Go to the line with "Eladó a képeken" in the records below, then output it and each following line exactly, up to and including the line with "胡散臭い通販商品みたいなあだ名 | 『来世でも幸せになれる健康食品…その名も「デスパイネ」』 |". Skip pictures and add nothing.

**Data for this task:**
◆ ◆ ◆ ◆ ◆ ◆ ◆

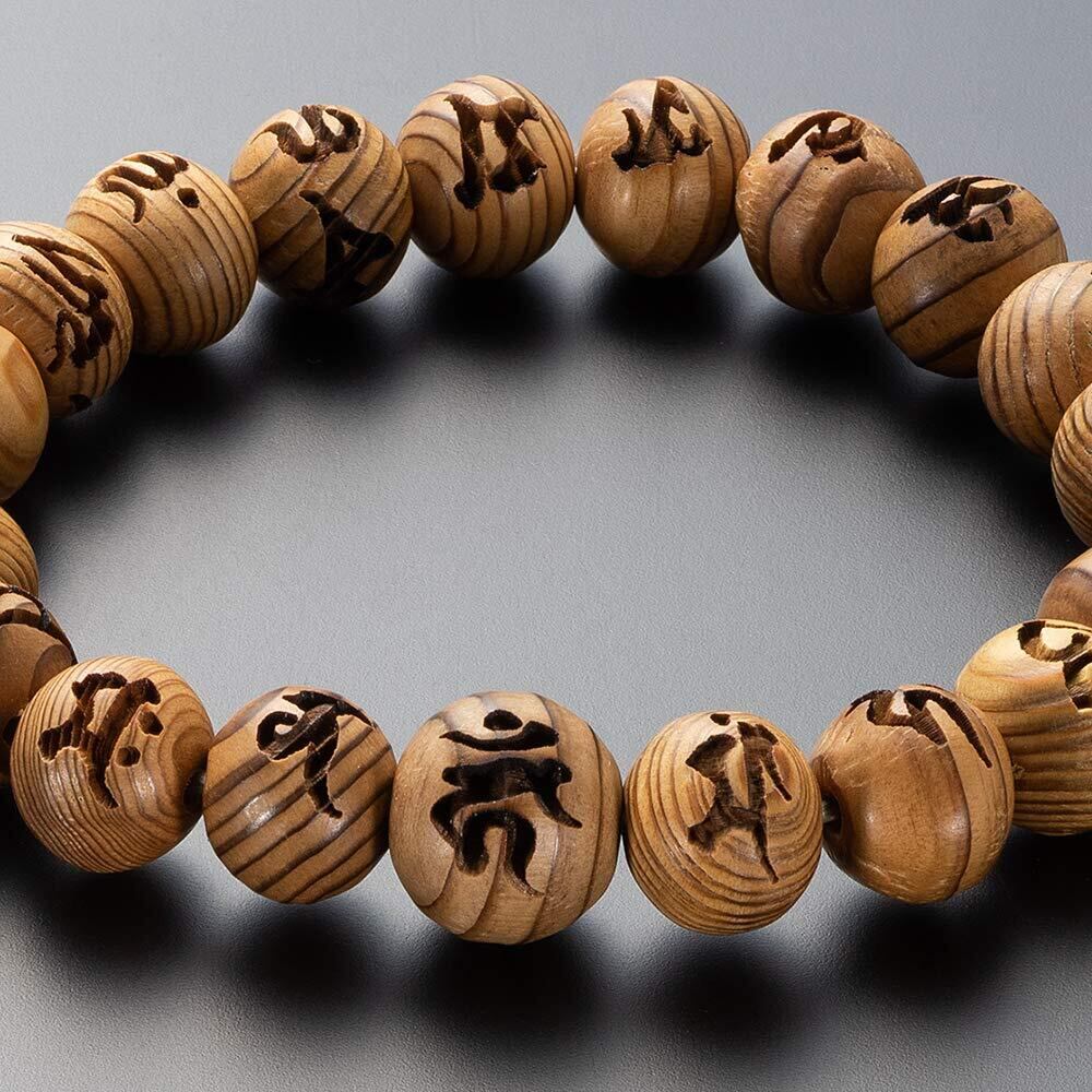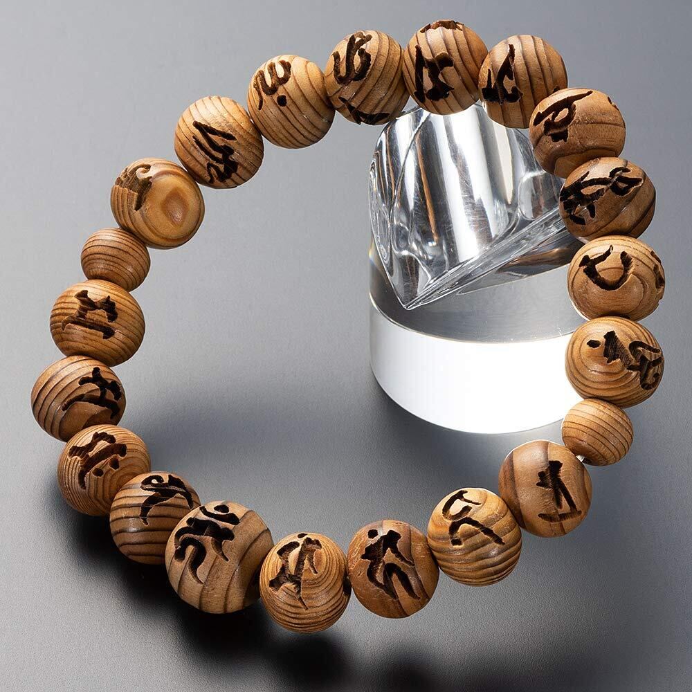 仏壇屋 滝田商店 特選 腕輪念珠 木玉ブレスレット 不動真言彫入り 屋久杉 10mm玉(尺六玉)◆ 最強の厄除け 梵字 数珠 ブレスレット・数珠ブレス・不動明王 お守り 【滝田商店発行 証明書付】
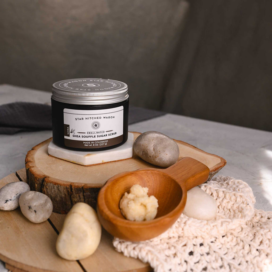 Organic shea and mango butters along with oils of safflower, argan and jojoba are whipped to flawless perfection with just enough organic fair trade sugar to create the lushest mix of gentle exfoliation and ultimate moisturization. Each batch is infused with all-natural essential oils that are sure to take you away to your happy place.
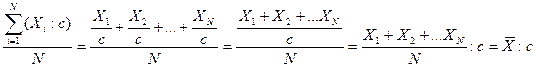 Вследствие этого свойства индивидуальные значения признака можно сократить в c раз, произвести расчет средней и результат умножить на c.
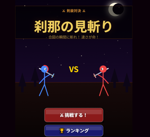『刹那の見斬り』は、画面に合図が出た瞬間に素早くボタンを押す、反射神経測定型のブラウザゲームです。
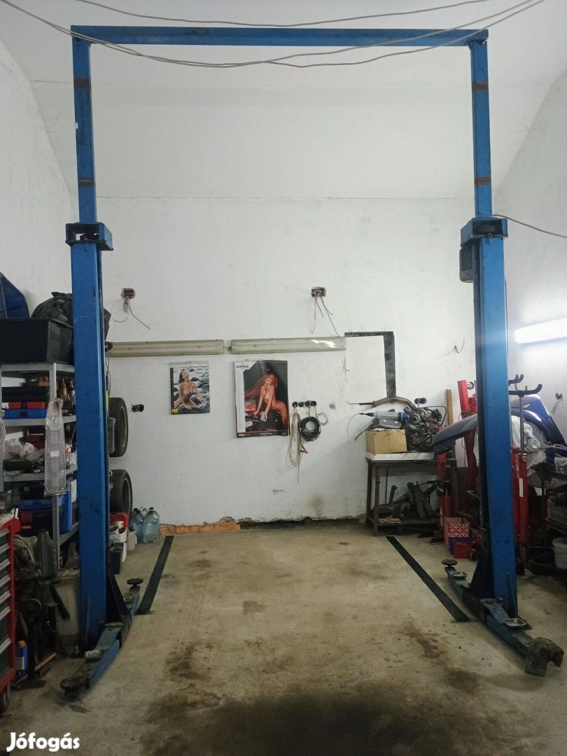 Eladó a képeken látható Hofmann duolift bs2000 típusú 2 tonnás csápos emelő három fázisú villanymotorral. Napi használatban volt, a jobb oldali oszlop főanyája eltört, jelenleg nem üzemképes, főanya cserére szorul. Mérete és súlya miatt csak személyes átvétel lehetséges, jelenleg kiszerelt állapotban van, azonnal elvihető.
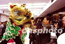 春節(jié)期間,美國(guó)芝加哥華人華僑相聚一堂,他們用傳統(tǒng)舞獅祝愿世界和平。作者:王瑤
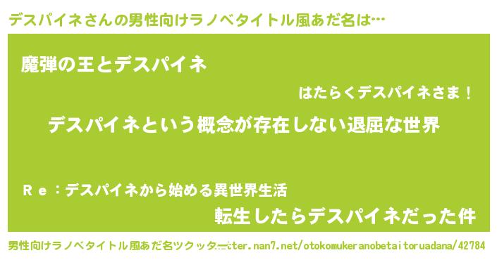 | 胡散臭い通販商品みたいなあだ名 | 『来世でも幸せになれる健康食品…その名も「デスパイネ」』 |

◆ ◆ ◆ ◆ ◆ ◆ ◆

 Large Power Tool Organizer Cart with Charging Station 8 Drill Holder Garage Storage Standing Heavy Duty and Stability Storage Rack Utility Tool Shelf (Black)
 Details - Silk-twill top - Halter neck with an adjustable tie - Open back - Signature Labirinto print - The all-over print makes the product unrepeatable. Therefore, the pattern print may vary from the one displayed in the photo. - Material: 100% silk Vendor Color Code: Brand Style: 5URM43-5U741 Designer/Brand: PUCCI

◆ ◆ ◆ ◆ ◆ ◆ ◆

**Output:**
 Eladó a képeken látható Hofmann duolift bs2000 típusú 2 tonnás csápos emelő három fázisú villanymotorral. Napi használatban volt, a jobb oldali oszlop főanyája eltört, jelenleg nem üzemképes, főanya cserére szorul. Mérete és súlya miatt csak személyes átvétel lehetséges, jelenleg kiszerelt állapotban van, azonnal elvihető.
 春節(jié)期間,美國(guó)芝加哥華人華僑相聚一堂,他們用傳統(tǒng)舞獅祝愿世界和平。作者:王瑤
 | 胡散臭い通販商品みたいなあだ名 | 『来世でも幸せになれる健康食品…その名も「デスパイネ」』 |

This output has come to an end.